Ley de Minas. Licencia para la Contaminación Gratuita

En ninguna parte del articulado de la Ley de Minas en discusión en la Asamblea Nacional se hace referencia a uno de los impactos ambientales más significativos: las emisiones de gases de efecto invernadero.

Partiendo de los parámetros reportados en actividades similares en otros países, la huella promedio industrial de CO2 es de 0,8 toneladas por onza de oro producida.

Venezuela dispone de una reserva de oro de 8.400 toneladas en la actualidad. Si tales recursos se explotan en 40 años, la producción anual promediaría las 210 toneladas de oro anuales. Las emisiones de CO2 se elevarían a 6 millones de toneladas anuales en promedio.

Para compensar esas emisiones anuales sería necesario plantar 13.000 hectáreas anuales de mezclas de árboles de especies nativas, para un total de 520.000 hectáreas en 40 años.

Esas plantaciones tendrían que ser establecidas, administradas, protegidas, monitoreadas, manejadas y certificadas durante al menos sus primeros 40 años de maduración, para garantizar la mitigación del CO2 involucrado.

El costo estimado rondaría los US$ 100 millones anuales, a precios actuales, US$ 4.000 millones en 40 años, a precios actuales.

En dólares corrientes, considerando una devaluación promedio de 2% interanual, el costo total se eleva a US$ 6.000 millones en 40 años.

Si se excluye esta dimensión del impacto ambiental de la explotación de oro en la ley correspondiente, Venezuela le estaría otorgando a las empresas involucradas una licencia para la contaminación gratuita de la atmósfera.

Gratuita para las empresas.

El inevitable costo sería transferido a la sociedad venezolana.

La ley de minas debe incluir un impuesto a las emisiones de CO2 por onza de oro extraída.

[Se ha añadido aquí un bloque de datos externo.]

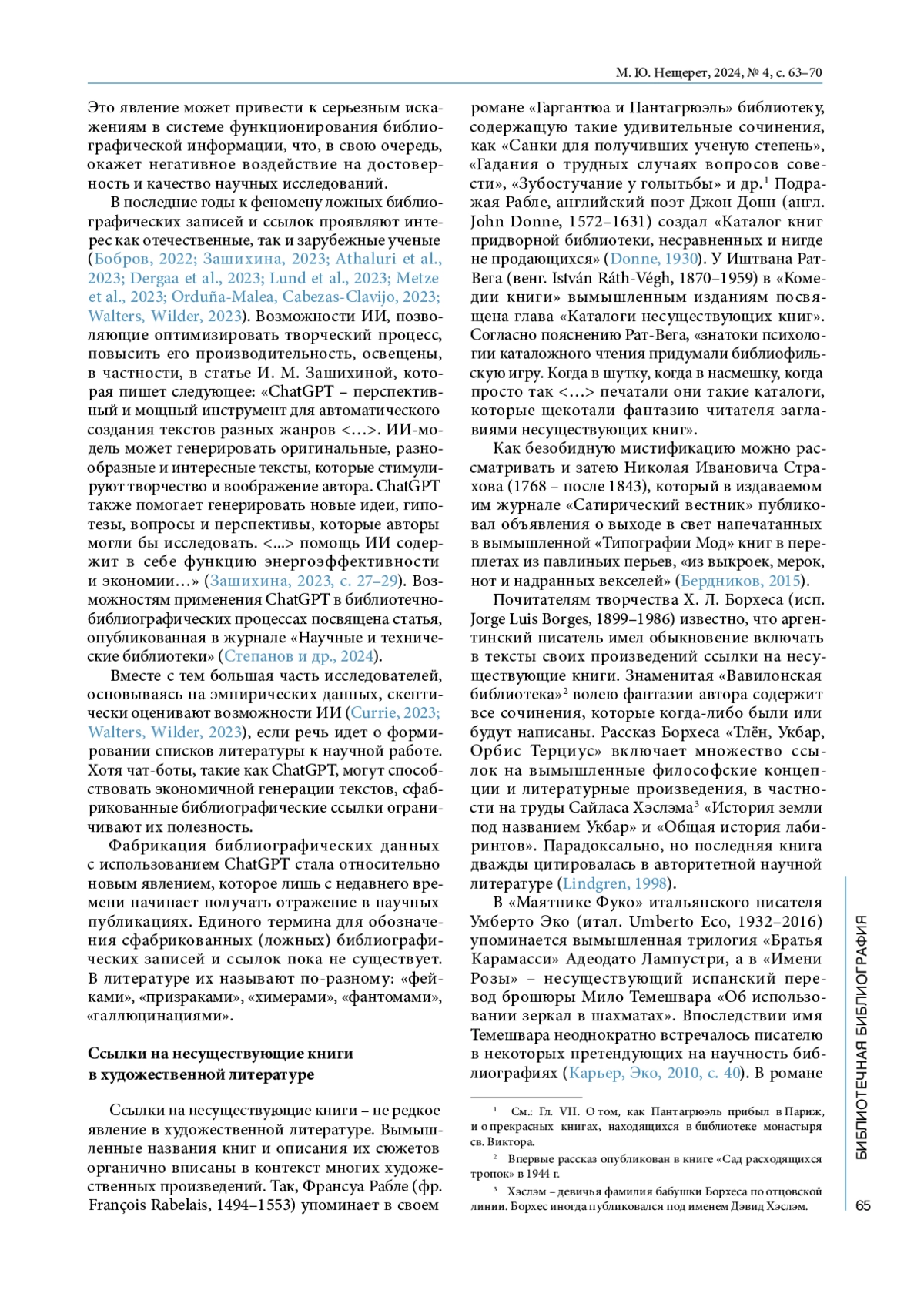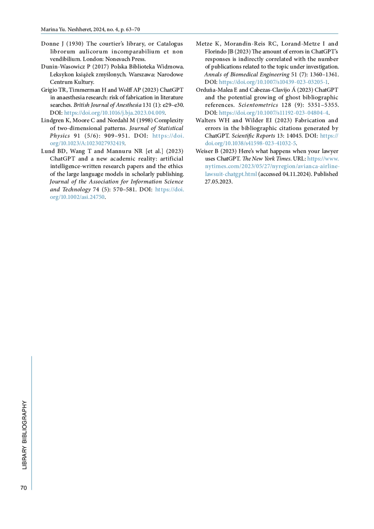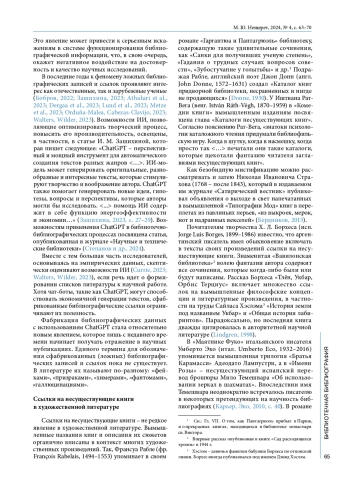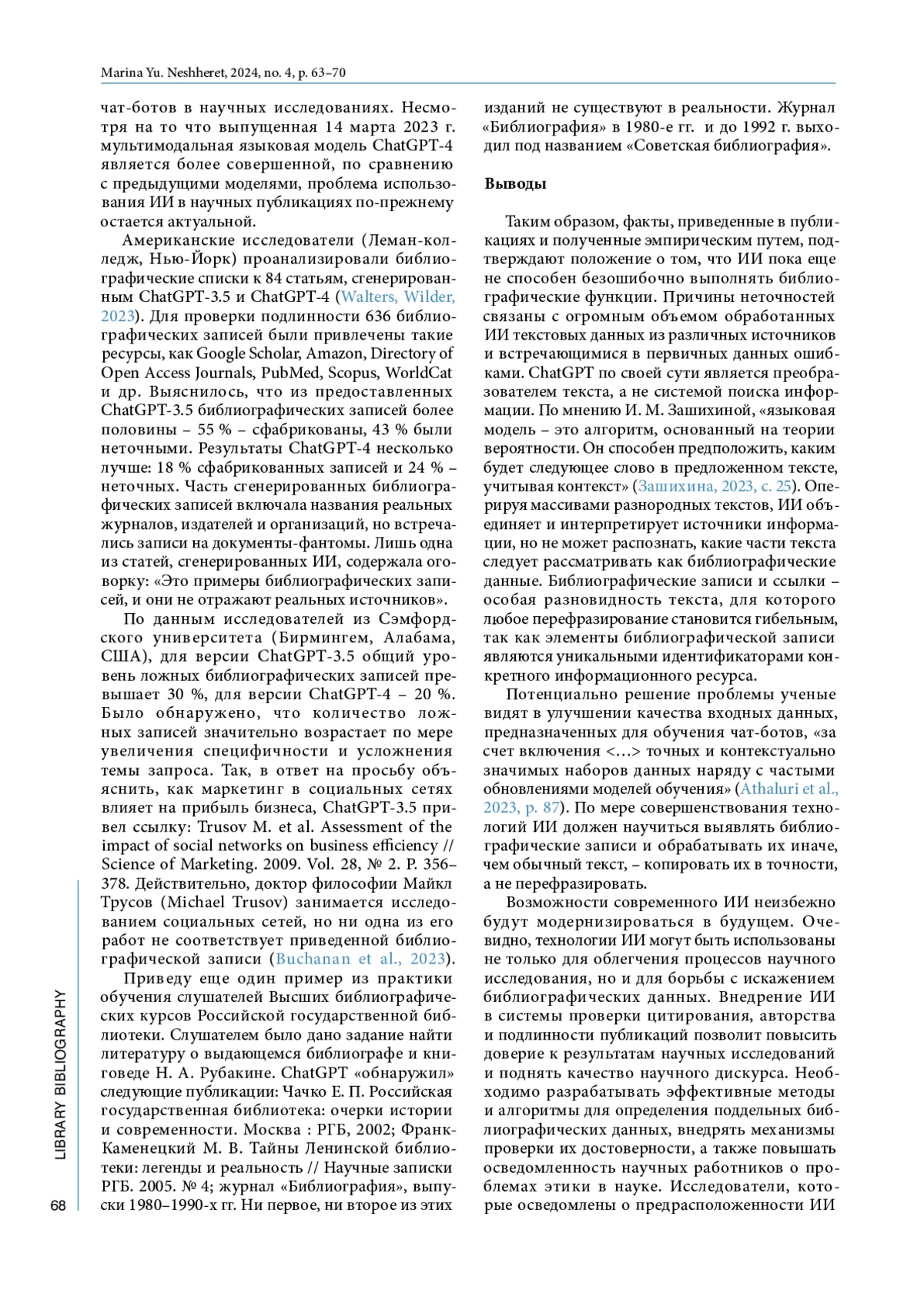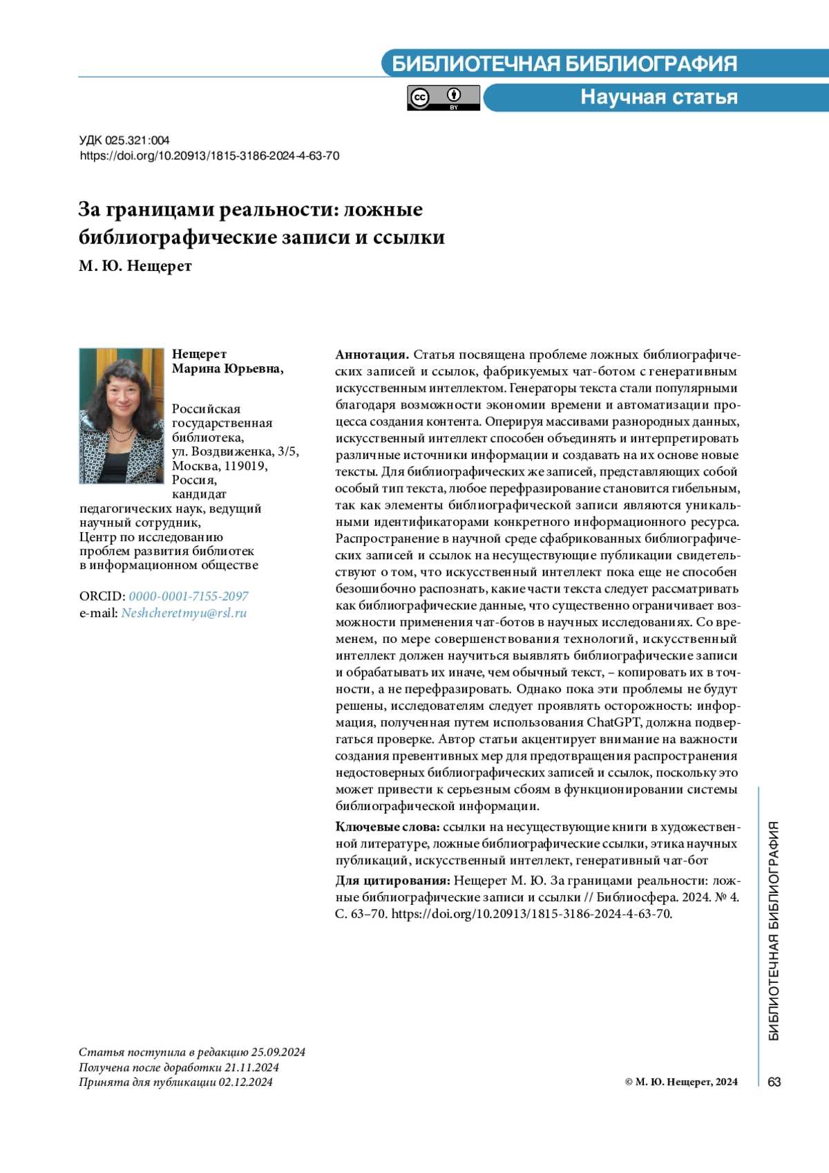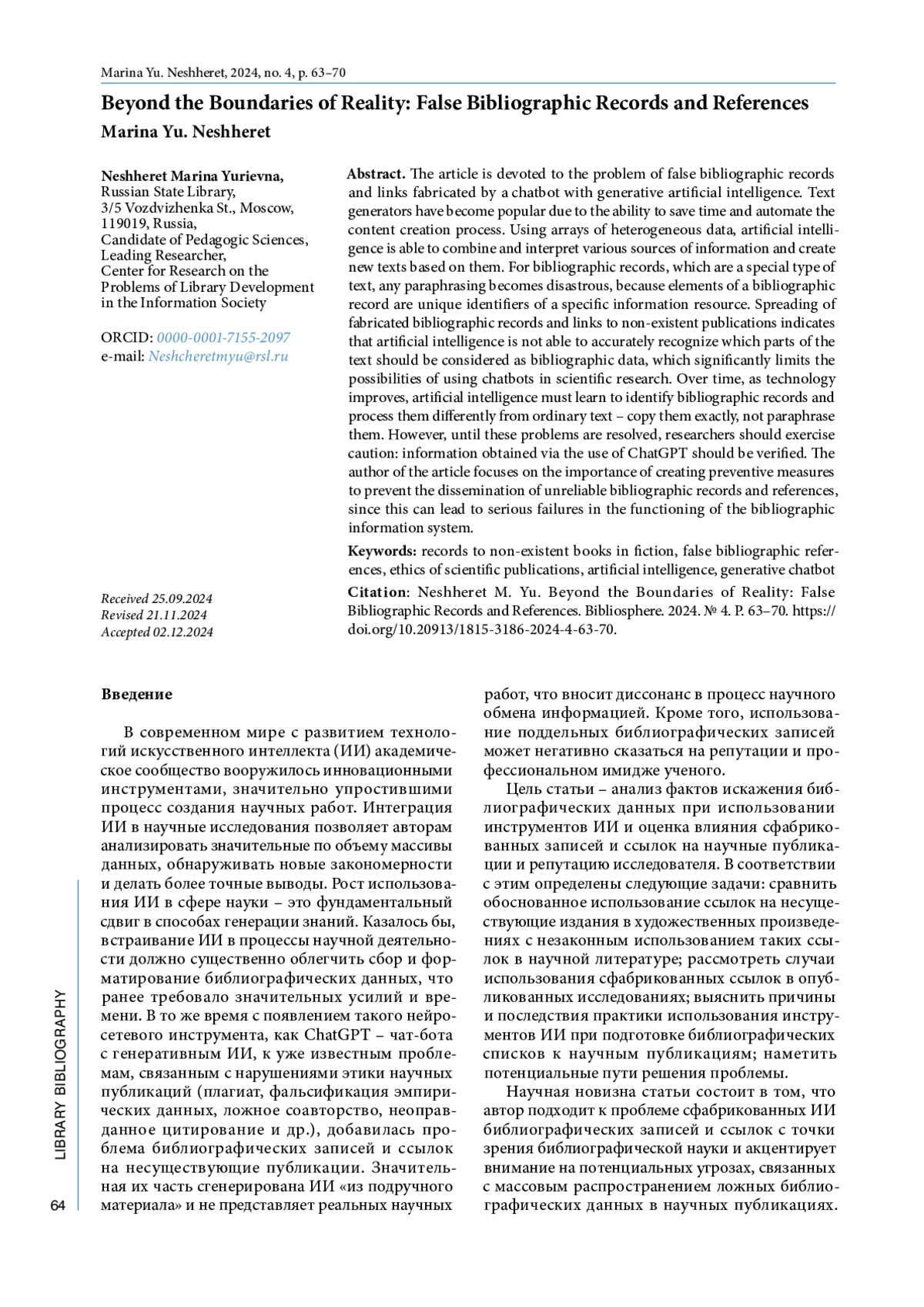Статья посвящена проблеме ложных библиографических записей и ссылок, фабрикуемых чат-ботом с генеративным искусственным интеллектом. Генераторы текста стали популярными благодаря возможности экономии времени и автоматизации процесса создания контента. Оперируя массивами разнородных данных, искусственный интеллект способен объединять и интерпретировать различные источники информации и создавать на их основе новые тексты. Для библиографических же записей, представляющих собой особый тип текста, любое перефразирование становится гибельным, так как элементы библиографической записи являются уникальными идентификаторами конкретного информационного ресурса. Распространение в научной среде сфабрикованных библиографических записей и ссылок на несуществующие публикации свидетельствуют о том, что искусственный интеллект пока еще не способен безошибочно распознать, какие части текста следует рассматривать как библиографические данные, что существенно ограничивает возможности применения чат-ботов в научных исследованиях. Со временем, по мере совершенствования технологий, искусственный интеллект должен научиться выявлять библиографические записи и обрабатывать их иначе, чем обычный текст, – копировать их в точности, а не перефразировать. Однако пока эти проблемы не будут решены, исследователям следует проявлять осторожность: информация, полученная путем использования ChatGPT, должна подвергаться проверке. Автор статьи акцентирует внимание на важности создания превентивных мер для предотвращения распространения недостоверных библиографических записей и ссылок, поскольку это может привести к серьезным сбоям в функционировании системы библиографической информации.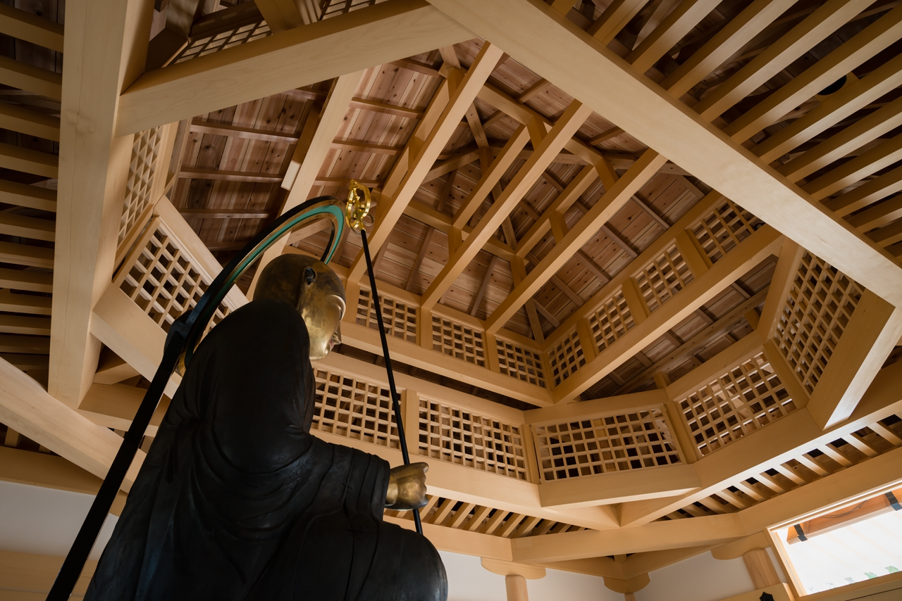 間口3間、奥行き4間ながら、設計と構造の工夫で中央上部にスペースをとり、仏像の存在を際立たせている。

Algo similar debe aplicarse a los demás minerales en consideración.

En concordancia con las propuestas del Banco Mundial, del Fondo Monetario Internacional y de la ONU sobre el costo social de las emisiones de CO2, se propone que la ley de minas de Venezuela incluya un impuesto de US$ 40 por tonelada de CO2 en el año 1, elevándose progresivamente a US$ 200 en el año 40.

El estado venezolano recolectaría 26.000 millones de dólares corrientes en 40 años por concepto de impuesto a las emisiones de CO2 de la minería de oro.

Si no se incluye un impuesto a las emisiones de CO2 en la minería industrial de oro, el gobierno de Venezuela le estaría regalando a las empresas minera más de 20.000 millones de dólares corrientes en los próximos 40 años, le estaría otorgando deliberada y conscientemente a las empresas mineras licencias para que contaminen libre y gratuitamente la atmósfera desde territorio venezolano, y le estaría imponiendo, consciente y deliberadamente, tanto el costo económico como el ambiental a la sociedad venezolana.